Полчаса спустя после всего описанного перед избою Лапши стояла порядочная толпа: ее составляли больше бабы; тут были также и дворовые; между ними особенно звонко тараторила скотница Василиса, одна из главных поджигательниц ненависти против Катерины (Александре Константиновне она не понравилась с первого же дня, и она забыла о ней точно так же, как забыла о ее просьбе). В толпе виднелось также несколько мужиков; в числе последних знаком нам только кузнец Пантелей. Между толпою и воротами перебегали поминутно девчонки и мальчишки; один из самых суетливых был мальчик с белой головой и красным лицом, который с такою свирепостью припадал к рукам господ во время их приезда; мальчик этот отличался вообще необыкновенным любопытством: где бы ни собралась толпа, он уже был туг как тут. Огромные щели ворот были решительно замуровлены головами ребят; к ним вскоре присоединилась востроглазая бабенка, марьинская запевалка и хороводница, та самая, что встретила Лапшу, когда он возвращался домой после падения в вертеп.

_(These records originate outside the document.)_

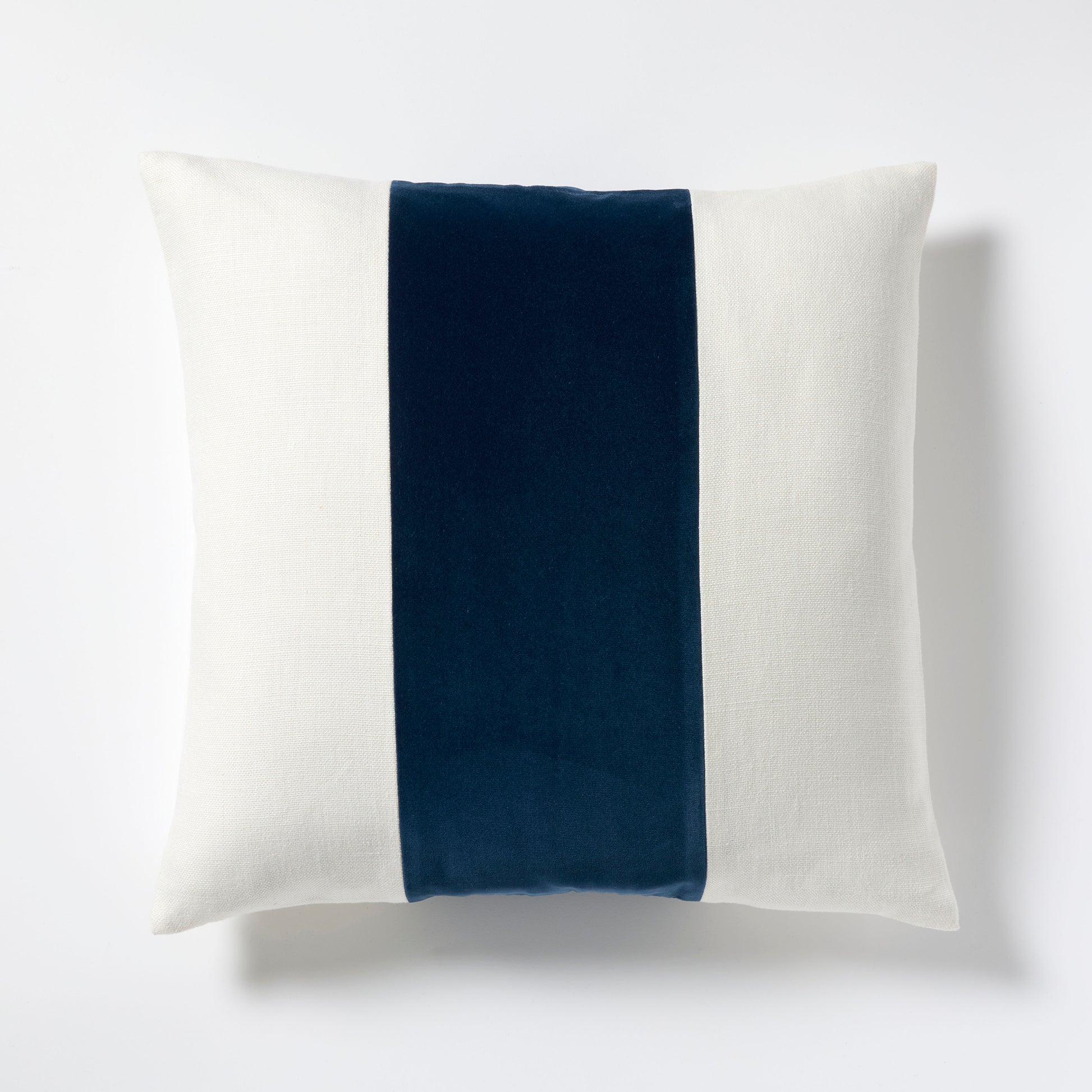 The Wide Velvet and Linen Stripe Pillow is custom made exclusively for Hudson Grace. Made from cream Belgian Linen and Midnight Blue cotton Velvet, these pillows are stuffed with down feather to be the perfect addition to your home.
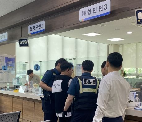 이날 모의훈련은 민원응대 과정에서 겪을 수 있는 폭언·폭행 피해 발생 시 신속한 초기대처를 통해 민원담당 공무원을 보호하고 안전한 근무환경을 조성하기 위해 실시됐다.
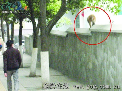 記者在現(xiàn)場見到,一只土黃色的獼猴正在醫(yī)學(xué)院附近的加油站內(nèi)游蕩,一會兒朝跳上燈桿跑去,一會兒又跳上樹梢。
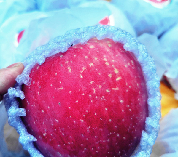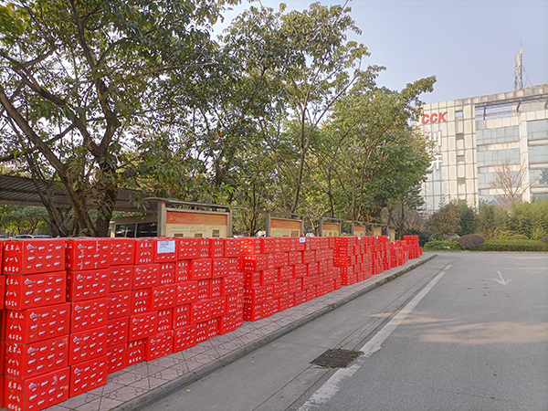 一箱箱红艳艳整齐码放的水果与集团大楼上的CCK商标遥相辉映。
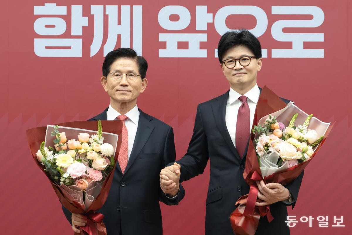국민의힘 2차 경선 결선에 진출한 김문수, 한동훈 후보가 29일 오후 서울 여의도 중앙당사에서 열린 제21대 대통령후보자 선출을 위한 3차 경선 진출자 발표에서 꽃다발을 들고 기념촬영을 하고 있다. 이훈구 기자 ufo@donga.com |
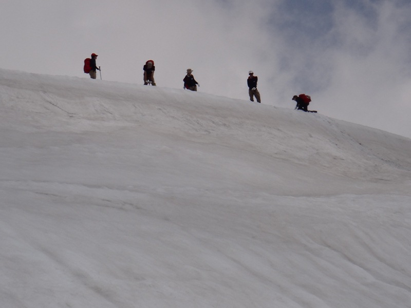 テント場を出発してから傾斜がかなり急になりました。ここからは道も険しくなるので

– Лошадь уж запрягли, сейчас выедут! – сказала она, поглядев в щель.
Действительно, лошадь уже была запряжена, и все члены переселяемого семейства стояли подле подводы. Они только что вышли из избы, куда заходили с тем, чтобы в последний раз проститься с жилищем. Прощанье, надо думать, было очень тяжело: глядя на дочь и на жену, даже Лапша словно раскис немного. Им оставалось теперь только отворить ворота и ехать; но стечение народа перед избою смущало
Катерину. Она сожалела, что ходила в поле и не уехала до света; отъезд их совершился бы тогда никем не замеченный. Куда как тяжко было ей в настоящую минуту! К счастью, совершенно неожиданно явилось облегченье.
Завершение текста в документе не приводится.